The Secular State hates you, Christian. It doesn’t matter if you don’t want a fight: the State will go completely out of its way to pick a fight with you, as they know the threat you represent to it.

Why on earth would you give them an inch you don’t need to? Christians may have to live under Secular rule, just as we had to live order pagan rule, and Muslim rule, and Communist rule.

But there is no need to lie to yourself about how your life and religion and culture is seen in the eyes of the enemy.

(See James B Jordan’s excellent article Daniel’s Job to know how to live under an evil human government. Hint: rebellion and hostility is not the focus, as our lives under the enemy’s heel is indicative of a righteous judgement on our own folly. Instead, excellence on the job, paying due respect to the authorities – who are put there by God’s will, after all – and a refusal to compromise on personal holiness are the key points here.)

Technical competence in law is not to be preferred to biblical law, for there is no such thing as technical competence as such, or neutral law as such. The standard is biblical law, administered with or without great technical competence.

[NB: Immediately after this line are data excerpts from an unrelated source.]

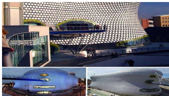
Figure 5: Bullring in Birmingham done by Jan Kaplicky

Selfridges Building in Birmingham, by architect Jan Kaplicky, founder of Future Systems, features a curvy space-age design that epitomizes what the aesthetic goal of bionic architecture is all about. His idea was to combine the organic and natural forms with high technology to achieve the optimization. Completed in 2003, it remains one of the leading forward-thinking buildings out there.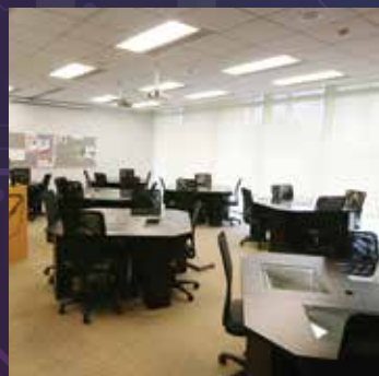
Decision Sciences Technology Laboratory 決策科學科技實驗室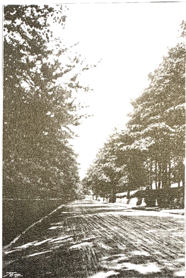
Promenade, Gargrave Road, Skipton.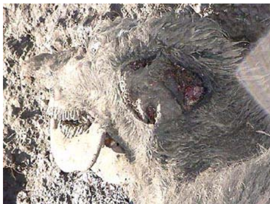
Left ear excised.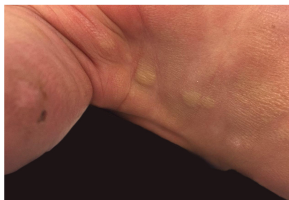
Figure 2 Erythematous brownish plaques on lower limb, topped by blisters at different stages of development (stray blisters, flaccid blisters and exulcerations).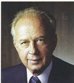
H.E. Yitzhak Rabin Former Prime Minister of Israel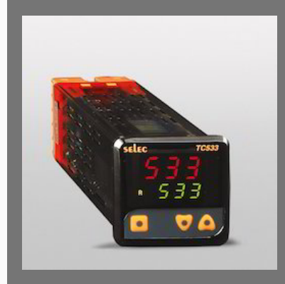
Dual Display-Single Set Point-Temperature Controller_TC533AX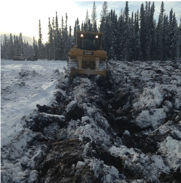
Figure 5. Winter furrowing with a RipFlow attachment.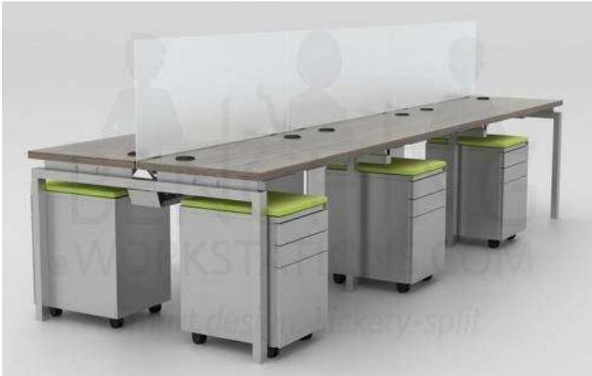
Shown in Shadow Elm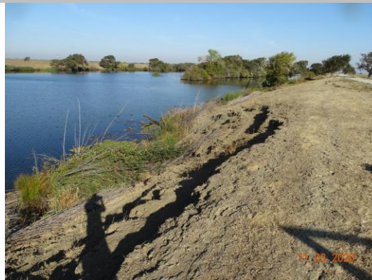
View looking upstream at erosion into the waterside slope (Fall 2020).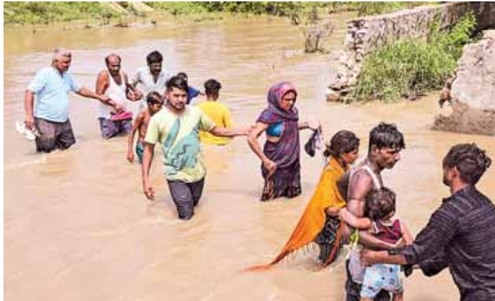
People wade through floodwater after a breach in one of the sub-branches of Munak Canal in New Delhi on Thursday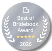
Silver Award Winner for receiving 5-star reviews from newly married couples in 2025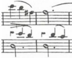
Fig. 25-2, Clementi, Op. 50 No. 3, 1 st mvt., mm. 51-52. (München: G. Henle Verlag, 1978.)

Fig. 25-1, Clementi Piano Sonata in G minor, Didone abbandonata Op. 50 No. 3, 1 st mvt., mm. 51-52. (New York: London Pianoforte School 1766-1860, Garland Publishing, Vol. 4, 1984-.)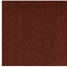
0657-09 ATHENA - BLUSH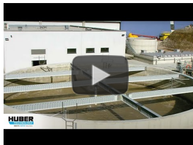
Video: HUBER Rotary Drum Fine Screen ROTAMAT® Ro2 for preliminary wastewater treatment in meat processing industry https://www.youtube.com/watch?v=HvwV0BaLd68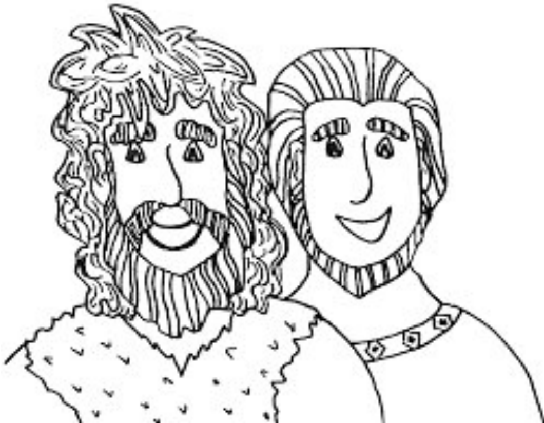
JACOB AND ESAU

Proverbs 25:28 "A person without self-control is like a city with broken-down walls."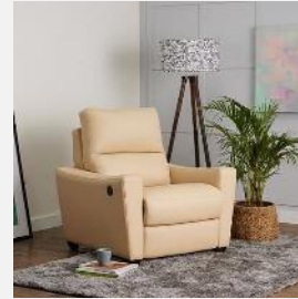
Sofa, Chair & Seating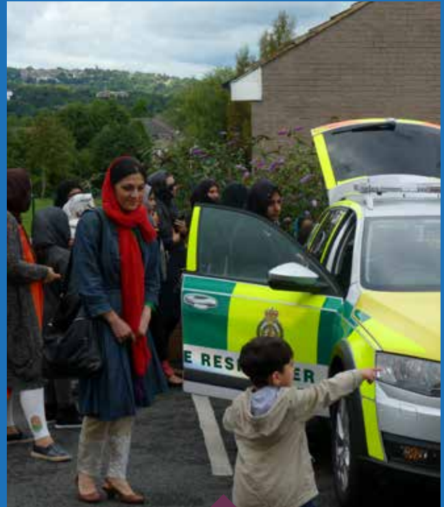
Exploring YAS vehicles at the Al Mahdi Mosque Family Fun Day

The free First Aid Awareness training courses continue to offer members and local community groups the opportunity to learn key live-saving skills. Last year we delivered 135 courses, reaching around 2,900 participants, including adults and children with learning disabilities, college students, army cadets, primary and junior school children, Scouts, Beavers, Cubs, Brownies and Girl Guides, the Leeds Migrant Access Project, Sikh Gudwara Temple and the Leeds travelling community.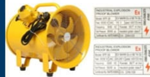
Explosion-Proof Blower / Fan 300MM (12 Inch)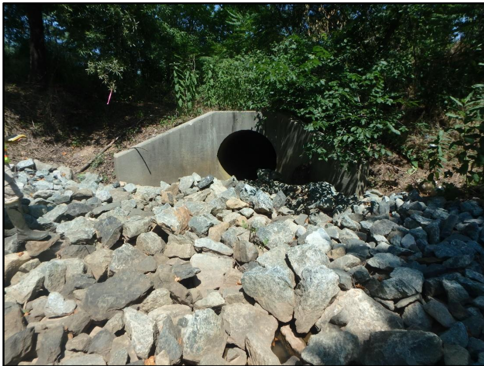
Waters 8F – Intermittent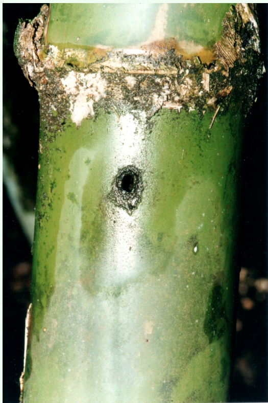
Figure 5. Internodes of Guadua chacoensis (Rojas) Londoño and Peterson (Poaceae) with a hole in the wall. High quality figures are available online.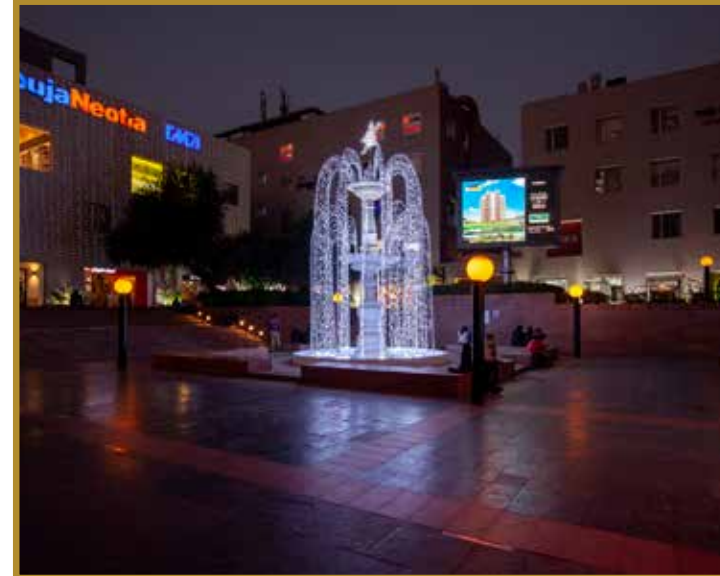
The Kund with its well-lit fountain adds character to the warm and inviting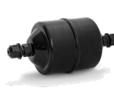
Dry filter LPP Line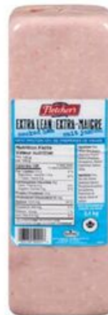
FLETCHER'S COOKED HAM EXTRA LEAN 3.4 KG 21418300_EA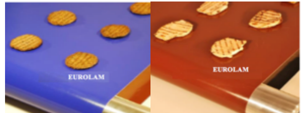
EUROLAM™ Food Processing Belts are 2X More Durable)

Where are men to gain the preferred competence? Obviously, by becoming familiar with the terms of biblical law. First, they learn as children (Deut. 6:6-7). Second, they learn as church members in churches governed by elders who respect biblical law (I Cor. 6). Third, they learn as deacons, who assist the elders in the less crucial responsibilities, like the administration of charity (Acts 6:1-4). This office is a son of apprenticeship position. Fourth, men may be appointed to the office of church elder (I Tim. 3). But this presumes that they have already approved themselves in the fifth office, that of family head (I Tim. 3:4-5), which is also a requirement for deacons (I Tim. 3:12).

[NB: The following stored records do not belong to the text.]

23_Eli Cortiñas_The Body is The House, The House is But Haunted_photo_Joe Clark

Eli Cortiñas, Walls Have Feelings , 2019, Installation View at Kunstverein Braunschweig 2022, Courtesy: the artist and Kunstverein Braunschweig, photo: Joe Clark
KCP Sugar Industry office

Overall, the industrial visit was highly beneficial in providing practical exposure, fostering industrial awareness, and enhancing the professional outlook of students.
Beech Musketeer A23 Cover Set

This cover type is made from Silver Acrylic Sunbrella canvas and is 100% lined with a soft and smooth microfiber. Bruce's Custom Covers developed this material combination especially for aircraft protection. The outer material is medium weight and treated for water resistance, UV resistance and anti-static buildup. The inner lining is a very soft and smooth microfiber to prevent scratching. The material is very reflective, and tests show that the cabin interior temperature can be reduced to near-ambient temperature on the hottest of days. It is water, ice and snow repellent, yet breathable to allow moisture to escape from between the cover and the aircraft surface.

This, however, is only the beginning. Men are also to serve in positions of authority in business, the military, medicine and other professions, the civil government, and wherever God’s law applies. (It applies wherever men make decisions for which they are responsible before God; only in those zones of life for which men will never have to give an account of their actions–in the neutral zones of life- does biblical law not apply. Anyone who denies the rule of God’s law must explain, using the Bible as his source, just where such zones are.) Men are to become competent rulers–judges, if you prefer–in their labor. Their callings before God are training grounds for the exercise of godly judgment.

To be the high judges God calls us to be, we must master the minor duties we have been given. To rule, you must serve.

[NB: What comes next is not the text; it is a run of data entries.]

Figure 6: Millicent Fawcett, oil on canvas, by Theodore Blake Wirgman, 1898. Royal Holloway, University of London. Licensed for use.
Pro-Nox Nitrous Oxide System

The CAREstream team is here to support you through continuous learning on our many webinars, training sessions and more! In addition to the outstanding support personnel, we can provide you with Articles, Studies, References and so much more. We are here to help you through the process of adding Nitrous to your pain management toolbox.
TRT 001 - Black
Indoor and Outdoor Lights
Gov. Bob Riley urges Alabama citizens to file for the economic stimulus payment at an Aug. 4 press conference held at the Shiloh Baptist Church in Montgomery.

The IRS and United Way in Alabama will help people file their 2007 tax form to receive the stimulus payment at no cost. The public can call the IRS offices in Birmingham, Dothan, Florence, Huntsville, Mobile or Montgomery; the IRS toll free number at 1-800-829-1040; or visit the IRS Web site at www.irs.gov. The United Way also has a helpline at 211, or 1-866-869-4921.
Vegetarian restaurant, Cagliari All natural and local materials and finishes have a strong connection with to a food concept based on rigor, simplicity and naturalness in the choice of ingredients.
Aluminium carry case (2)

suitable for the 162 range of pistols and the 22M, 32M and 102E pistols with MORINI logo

The doctrine that the church and its members will experience an endless set of failures until the day of judgment, whereupon the saints shall judge the world with Christ, has this curious implication: experience in exercising godly judgment is best attained through constant failure and the inability of saints to gain positions of authority, in time and on earth. In other words, Christians will never rule on earth, and therefore they will rule after the final judgment. Those Christians who argue that individual saints will be far removed forever from the seats of power or even the corridors of power, until the day of judgment itself, are building a theoretical case for the success of [off-the-job] training. They are arguing for perpetual childhood and subservience: domination by rebellious rulers–ever-more consistent, ruthless, and lawless rulers– is the way to become competent rulers. But the Bible tells us that a sign of God’s judgment is to be ruled by children (Isa. 3:4). We need an eschatology which offers us a doctrine of progressive responsibility, a doctrine of maturing judgment. We need a concept of on-the-job training and promotion through competence.

Fearful cowards are not what God has in mind, when it comes to raising a people for Himself.